ASSIGNMENT: Your copy should hold only the lines from the one containing "A luxurious tapestry" through the final line of the entries, exactly as written, with no pictures.

[Excerpts from a dataset]
-=-=-
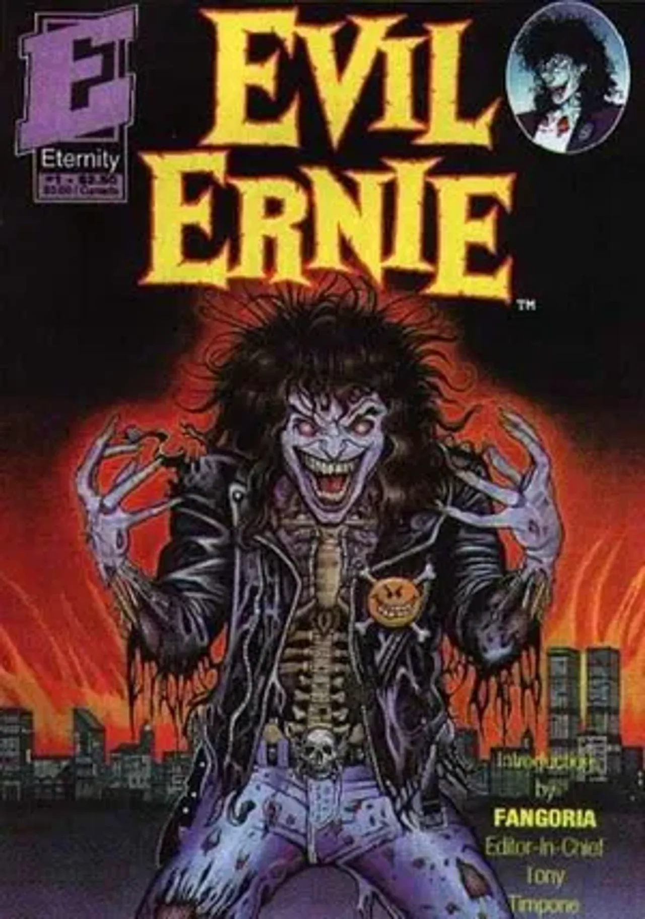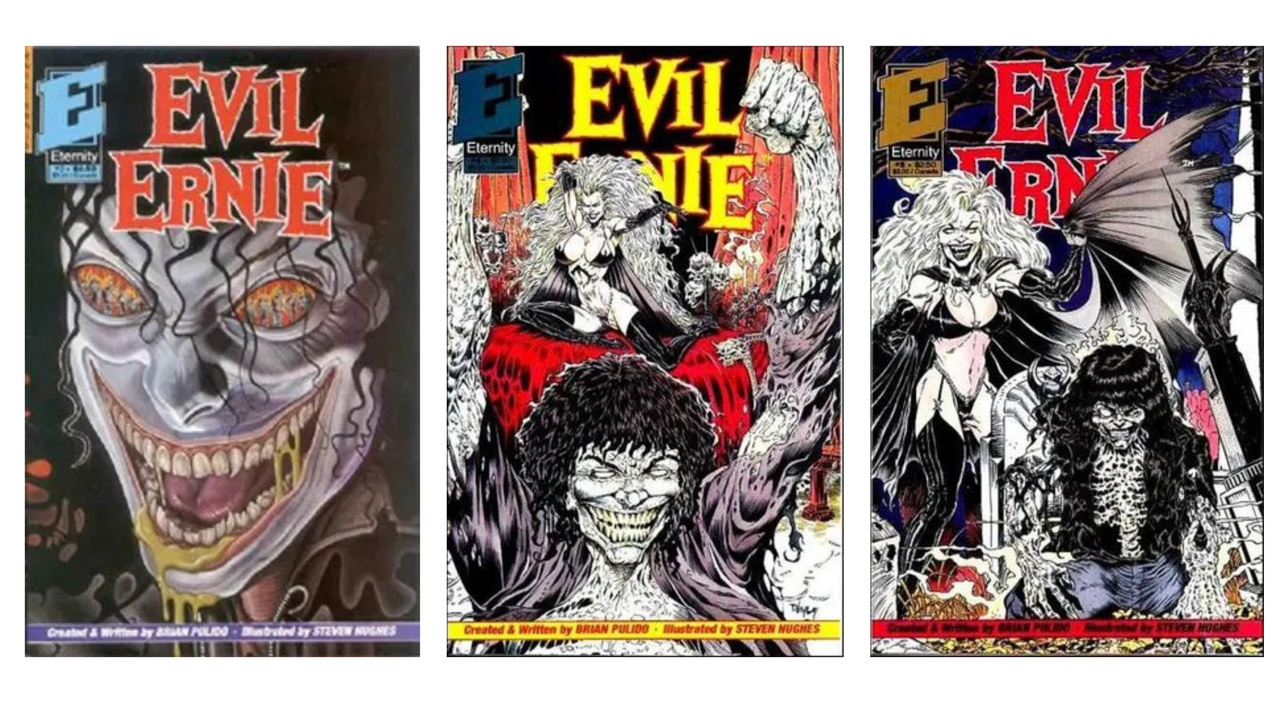 Evil Ernie made his debut in Evil Ernie #1, created by Brian Pulido and artist Steven Hughes under the guise of Eternity Comics. The story followed Ernest Fairchild, an adorable and lovable, yet severely abused and bullied child who develops extreme psychopathic issues while also possessing an ability to sketch and draw scenes that may come to pass. After an experimental procedure in a mental institution introduces Ernest to Lady Death in a dream in the Endless Graveyard, he abruptly murders his parents (his core abusers), as well as 35 other people on his street, and promptly loses his sanity.
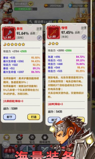 游戏中的核心玩法是大家熟悉的放置模式,不用手动操作,也能自动打怪爆装备。我们要做的就是盯着英雄等级,给他们提升战力,游戏全程都是自动闯关的放置设定,打boss必须要在60秒内解决,不然就会闯关失败。里面的怪物都有独特的类型,和不同怪物对战时的战斗场面,可以带来不同的沉浸感。游戏采用的是垂直页面设计,每一页的功能元素都很丰富,排布的也比较规整。
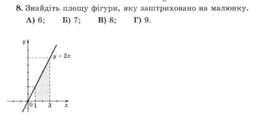 Оскільки дана функція у=2х, то при х=3 у=2*3=6. При х=1 значення функції = 2*1=2. Знайдемо площу великого трикутника. Оскільки він прямокутний, то S=1/2*a*b тоді S=1/2*3*6=9см². Знайдемо S маленького трикутника. Аналогічно: S=1/2ab= 1/2*1*2=1см². Тоді площа шуканої фігури буде дорівнювати різниці цих 2 площ: 9-1=8см²
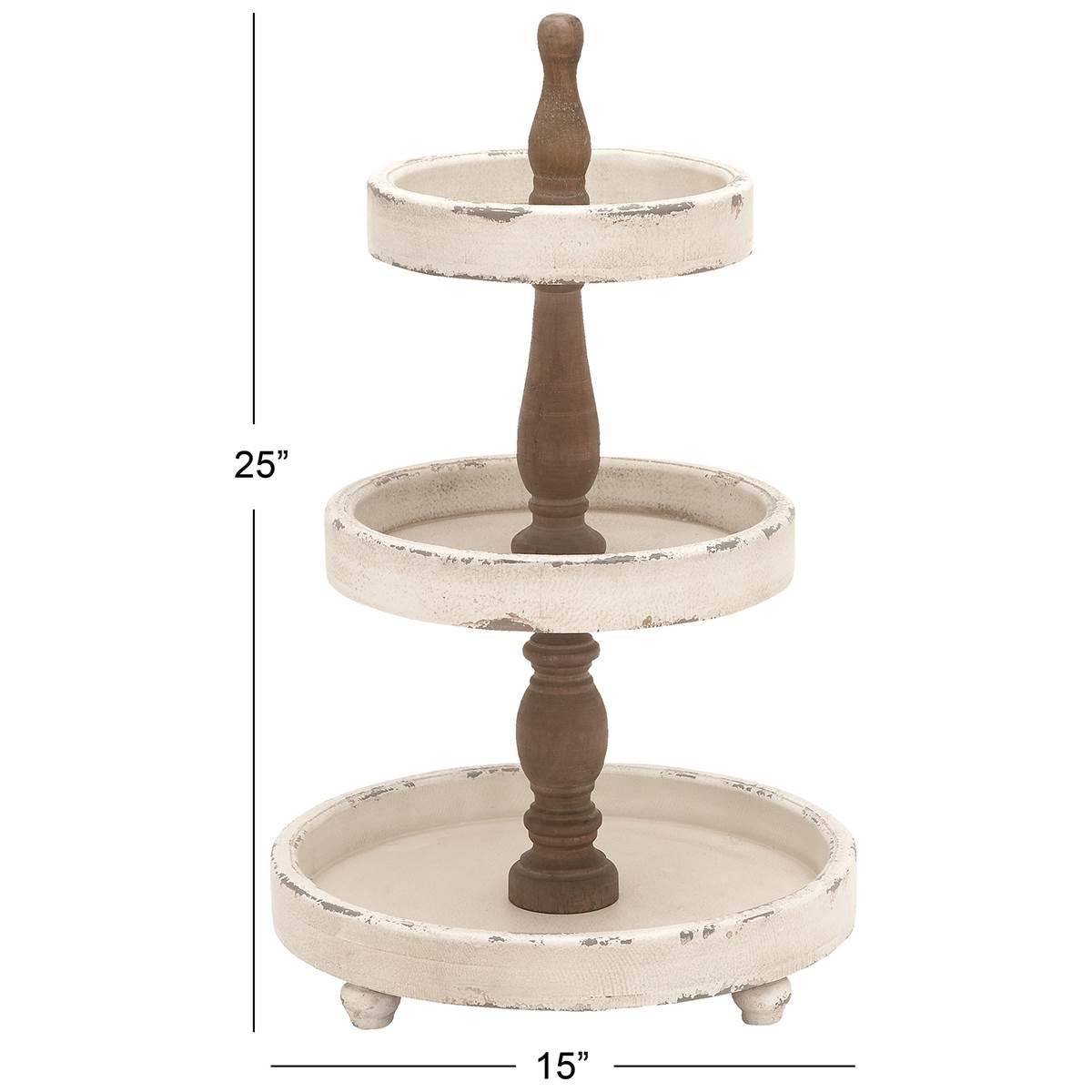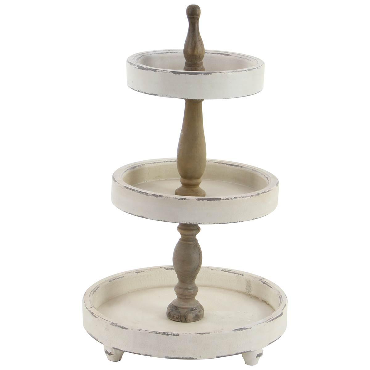 Fall in love the old way as you play a Greek Goddess on your next garden party and let your humble servants present you their freshly picked fruits on this marvelous and ´antique-like 9th & Pike® round dish tray. This stunning decor showcases a large, 3-tier wooden serving dish tray in distressed white and natural wood finish. It has a dark mocha-colored column stand at the center that features a natural wood grain exterior. They are ideal to use as dessert/fruit serving trays for themed parties, events, and holiday gatherings.
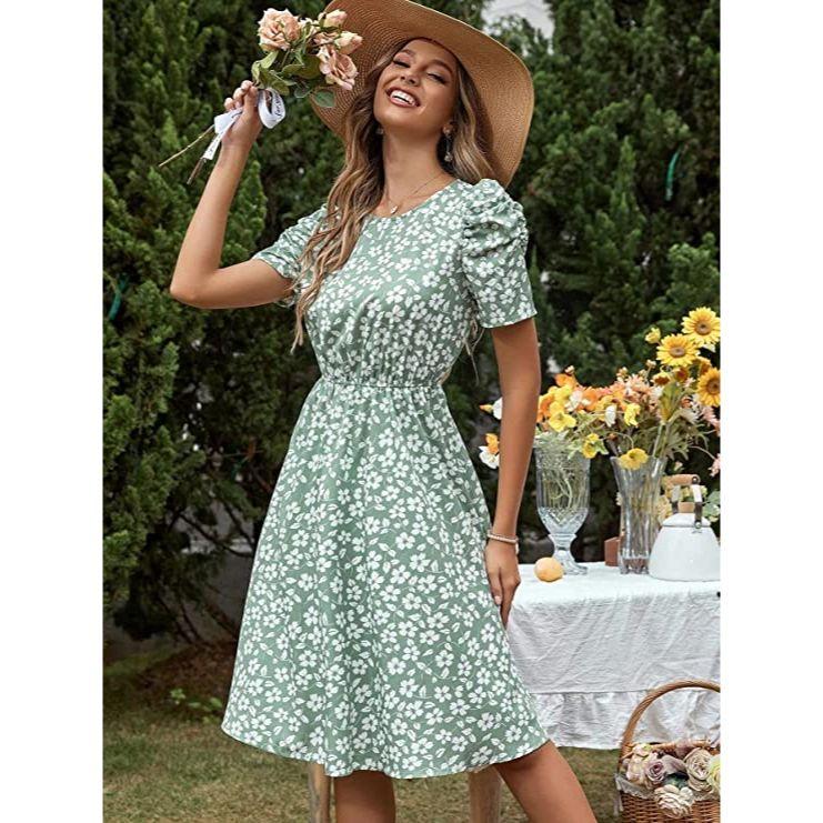Style Name : Boho Dress , Material Composition: Premium Quality Poly Rayon , Neck Style: Round Neck , Sleeve Type : Puff Sleeves , Sleeve Length : Short Sleeve , This dress is designed with Western Floral print idea's which gives a classy and beautiful look , This dress is versatile, comfortable and universally flattering. It is a stunner and makes an everlasting statement whenever you wear it.
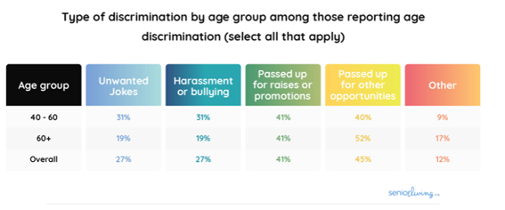 Ageism at the workplace manifests in various ways. However, it stands out that 52% of the respondents over 60 have been passed up for job-related opportunities.
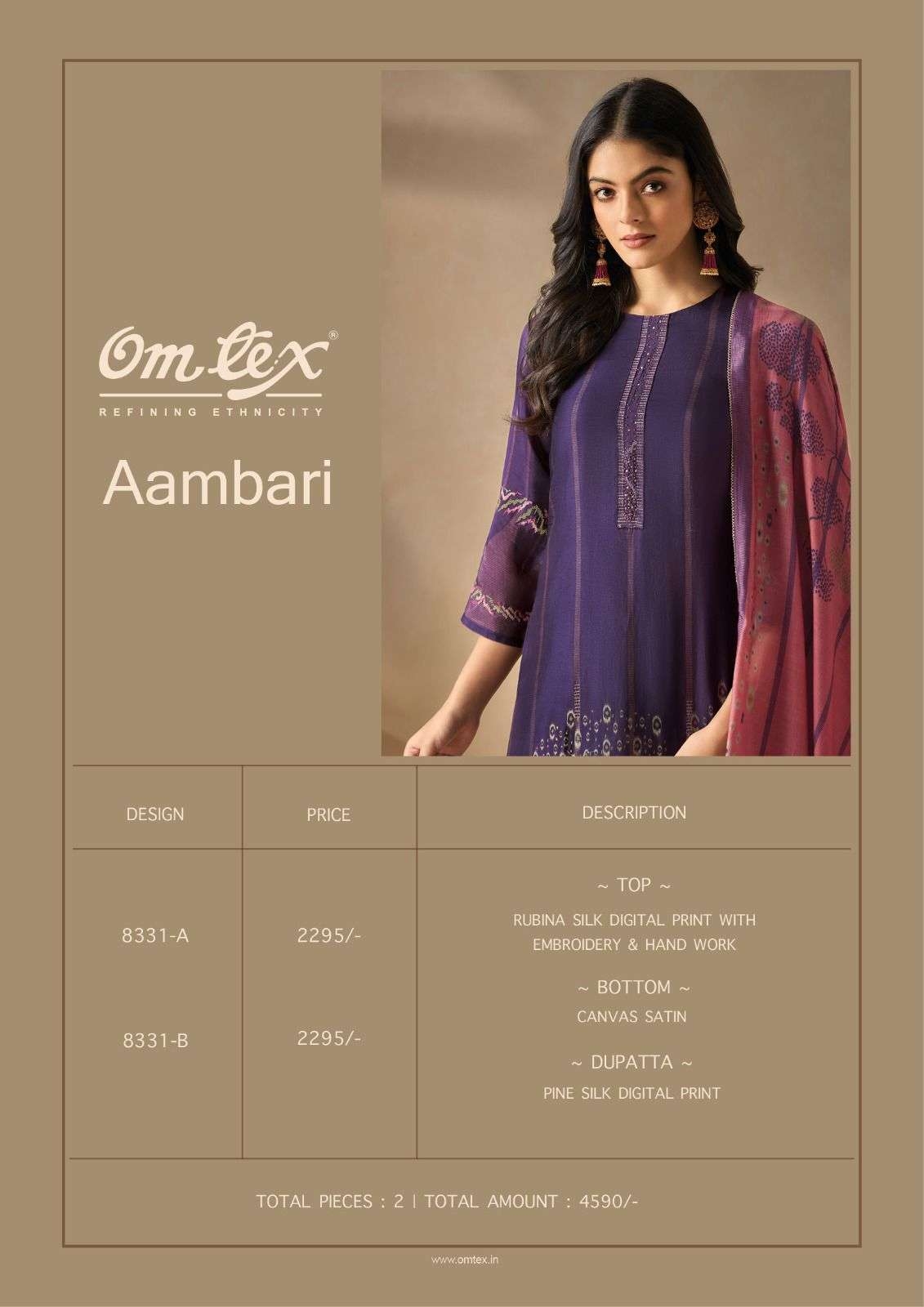 buy Omtex Aambari series 8331A to 8331B rubina silk digital print Premium Designs Salwar kameez in wholesale surat latest catalogue 2025
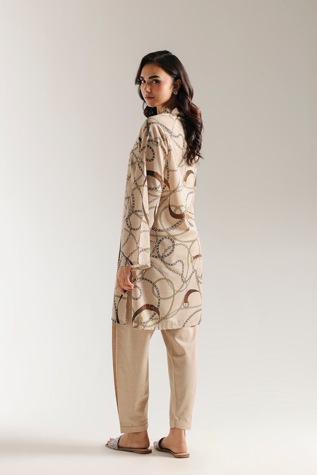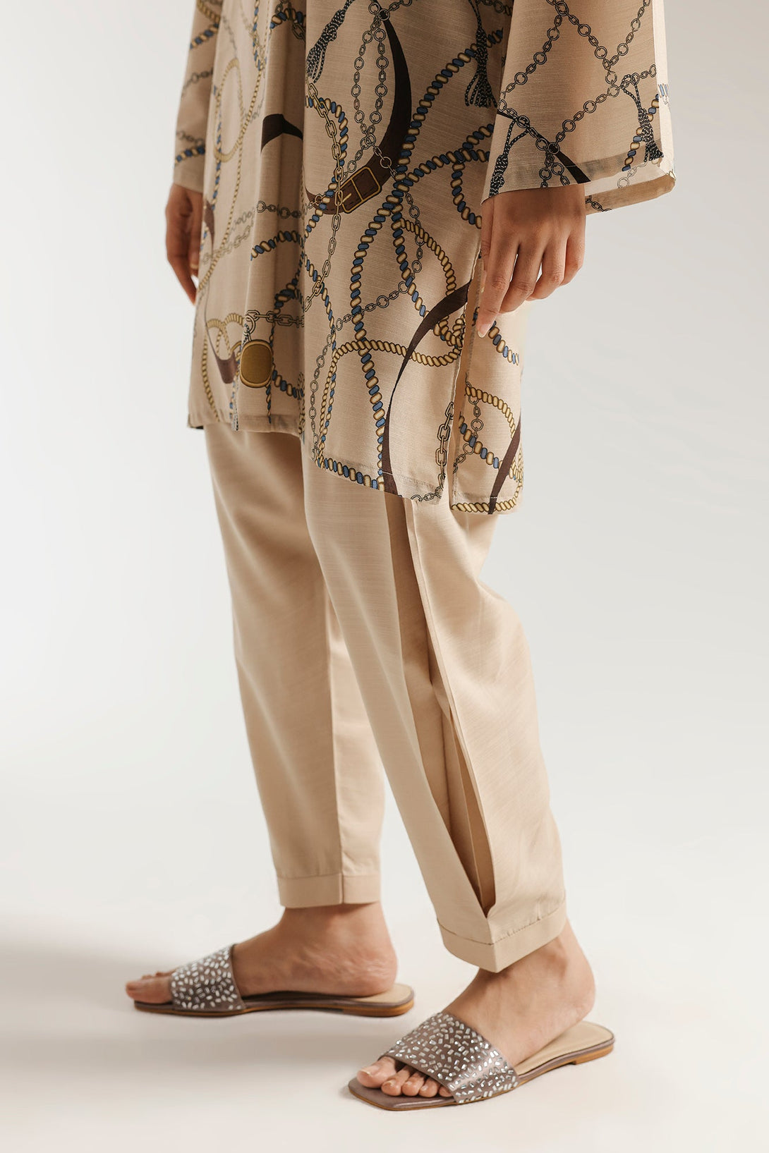 A luxurious tapestry of design, this captivating printed suit is a true statement piece. The soft beige fabric is adorned with an intricate and fashionable chain-link print in a rich palette of gold, blue, and brown. Paired with a matching beige loose fit shalwar. The elegant silhouette and sophisticated pattern create a look that is both modern and timeless.
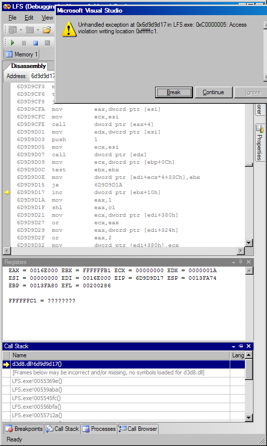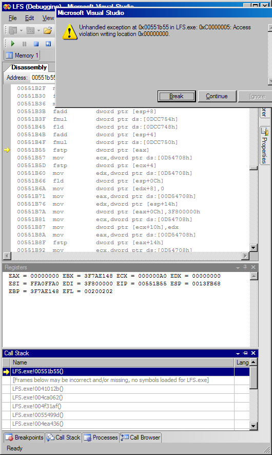 At least the crash address is inside the LFS module in this case so I have a clue where to start looking, but it would be a lot easier if I could catch it in the debugger.
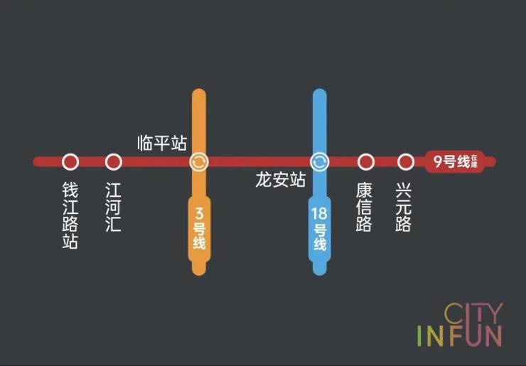 项目横跨地铁9号线兴元路站(在建)、康信路站(在建)两大站点,以轨道打破壁垒,一条地铁直达钱江新城、城东新城、滨江、西湖等高能区域,更高效的日常通勤外,还能享受到一脉市心的生活配套。
-=-=-
RESULT:
 A luxurious tapestry of design, this captivating printed suit is a true statement piece. The soft beige fabric is adorned with an intricate and fashionable chain-link print in a rich palette of gold, blue, and brown. Paired with a matching beige loose fit shalwar. The elegant silhouette and sophisticated pattern create a look that is both modern and timeless.
 At least the crash address is inside the LFS module in this case so I have a clue where to start looking, but it would be a lot easier if I could catch it in the debugger.
 项目横跨地铁9号线兴元路站(在建)、康信路站(在建)两大站点,以轨道打破壁垒,一条地铁直达钱江新城、城东新城、滨江、西湖等高能区域,更高效的日常通勤外,还能享受到一脉市心的生活配套。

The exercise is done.